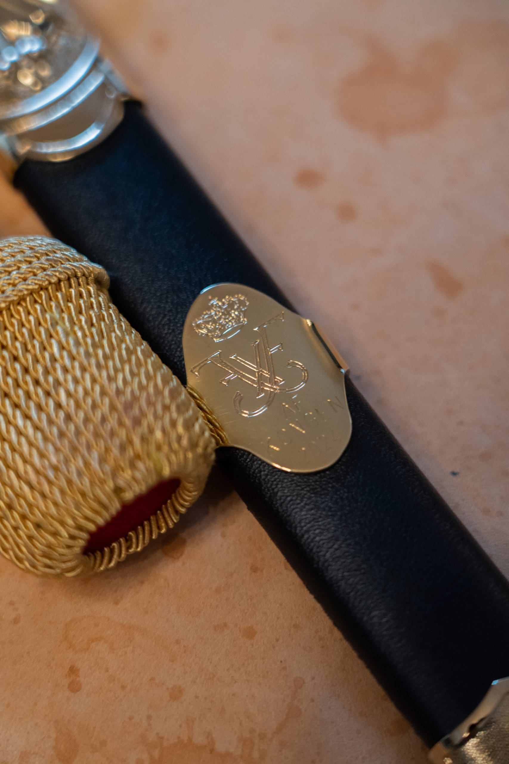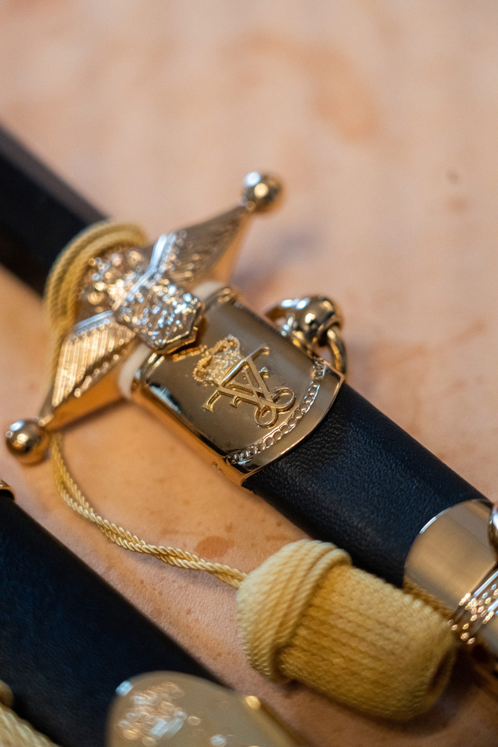 The sabre, presented to cadets in the Army and Navy, has the inscription “By the King” alongside the cadet’s name and year of graduation, while the dagger, presented to cadets in the Air Force, has the cadet’s name, the King’s monogram, and the Air Force emblem.
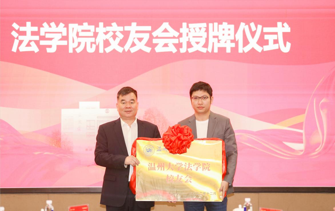 徐和昆副校长向新当选的法学院校友会会长孔剑平授牌
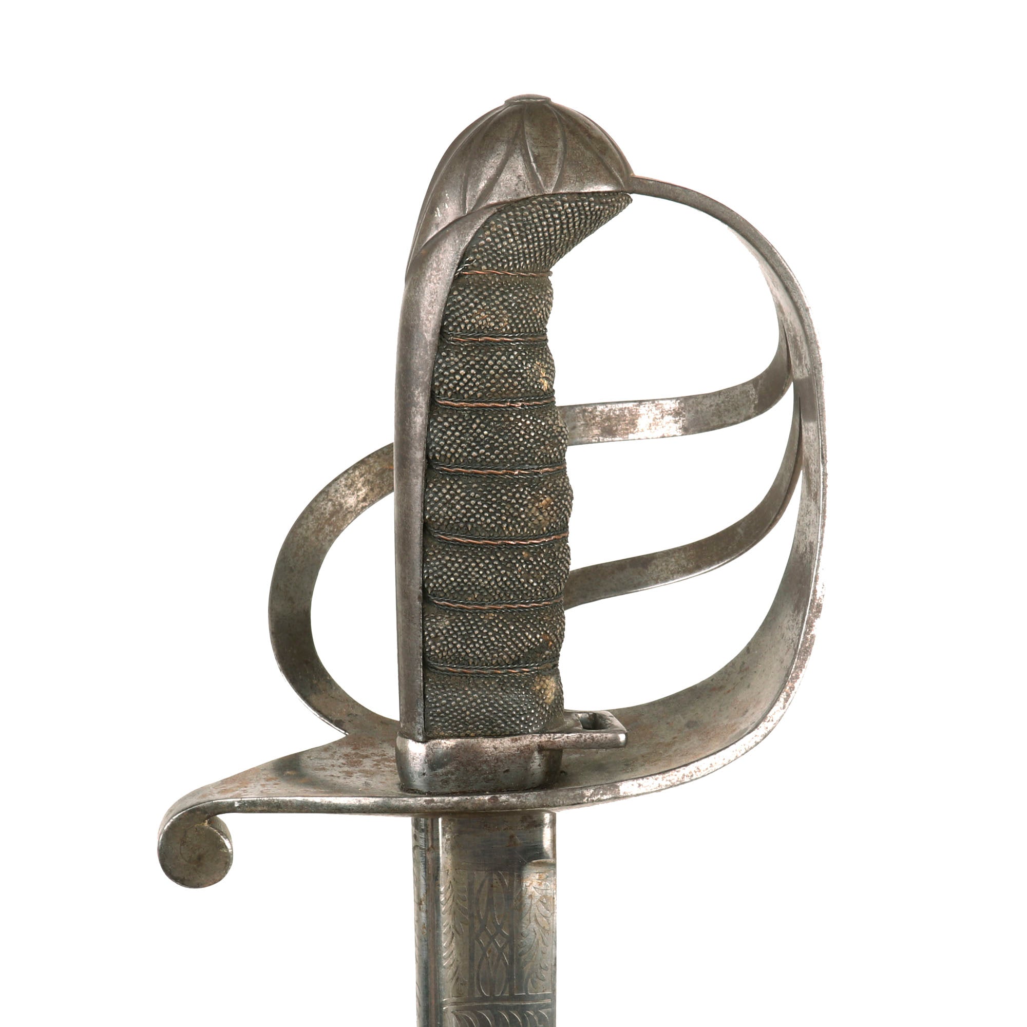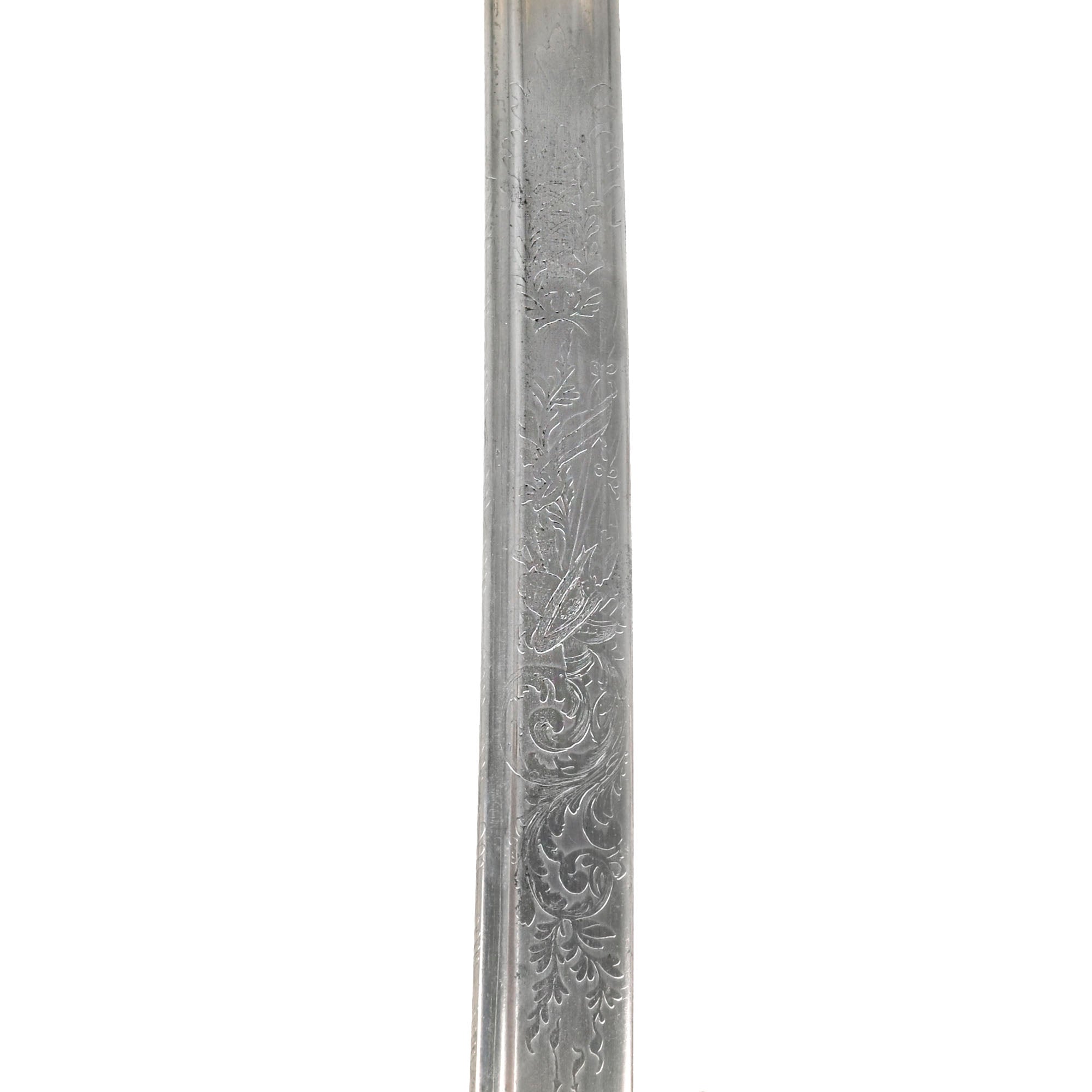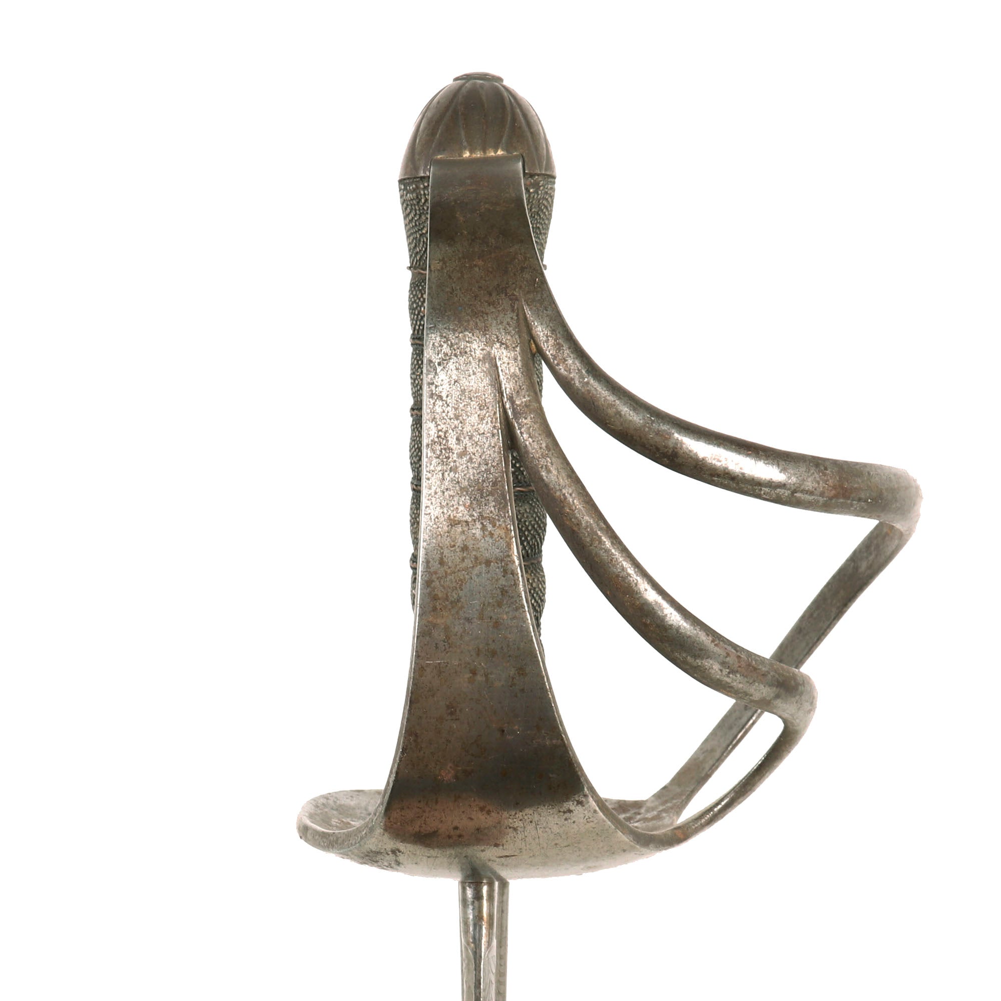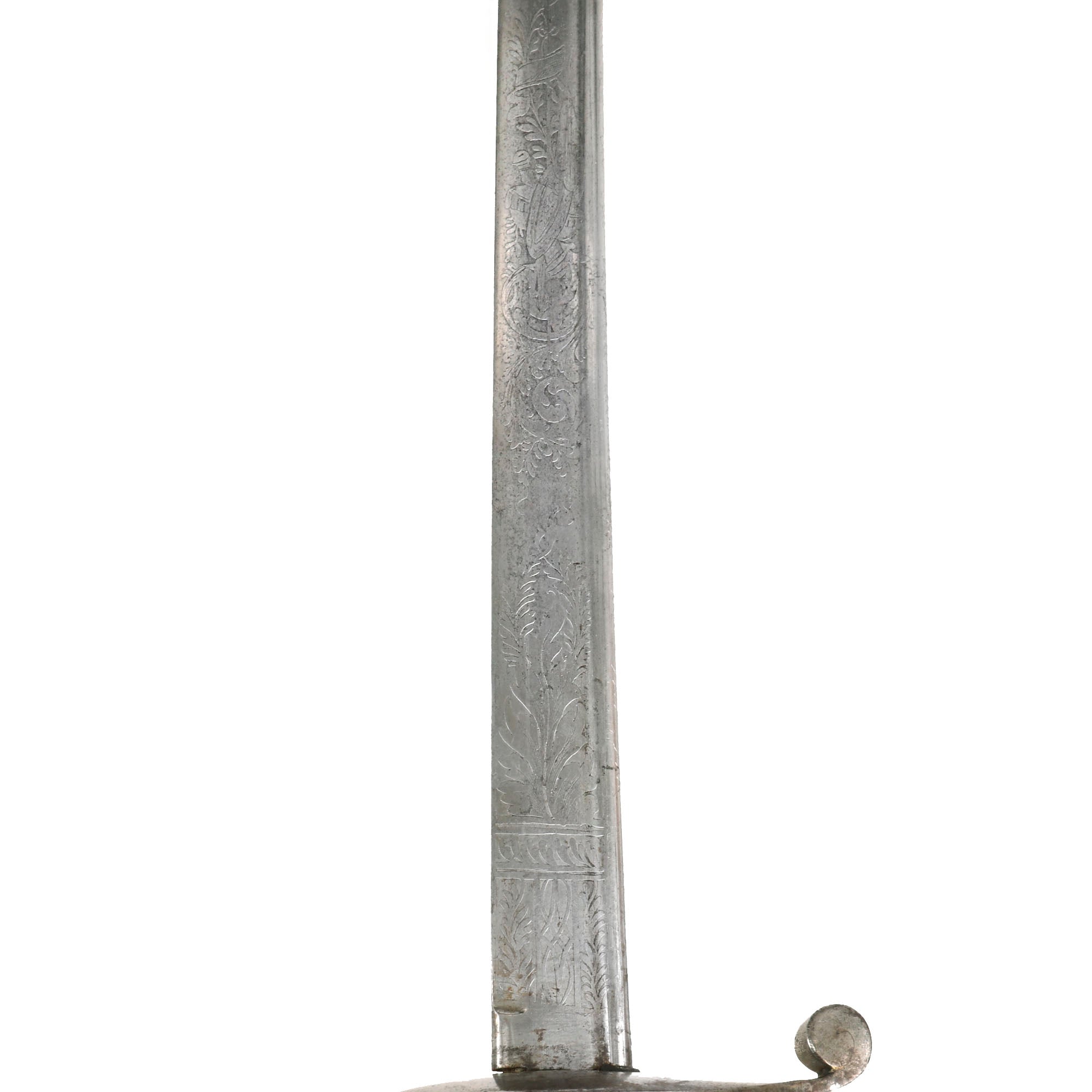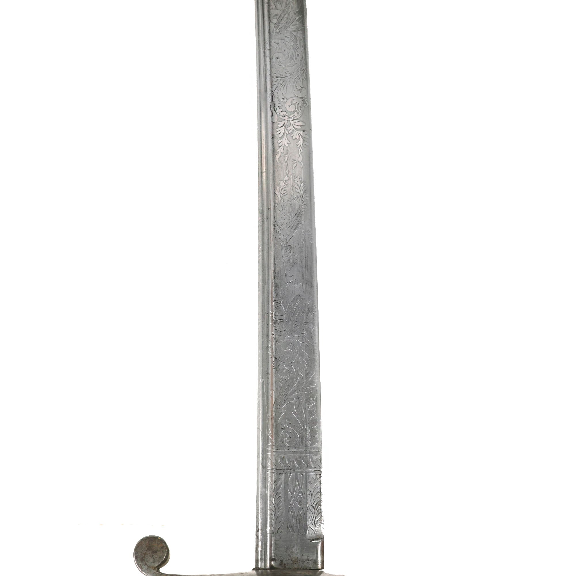 The sword measures roughly 38” long with the scabbard on. The hilt consists of a rayskin grip secured with wire, and a small metal loop catch for a sword knot to be attached. The pommel branches out to create a flower-shape. The blade is beautifully etched with vinery, field cannons, and shields. It is signed gorgeously on the spine P.D. Lüneschloss, Solingen.

::::

To complete this exercise, repeat exactly the lines above from the one holding "徐和昆副校长向新当选的法学院校友会会长孔剑平授牌" to the end of the listing, both included, and leave the pictures out.

 徐和昆副校长向新当选的法学院校友会会长孔剑平授牌
 The sword measures roughly 38” long with the scabbard on. The hilt consists of a rayskin grip secured with wire, and a small metal loop catch for a sword knot to be attached. The pommel branches out to create a flower-shape. The blade is beautifully etched with vinery, field cannons, and shields. It is signed gorgeously on the spine P.D. Lüneschloss, Solingen.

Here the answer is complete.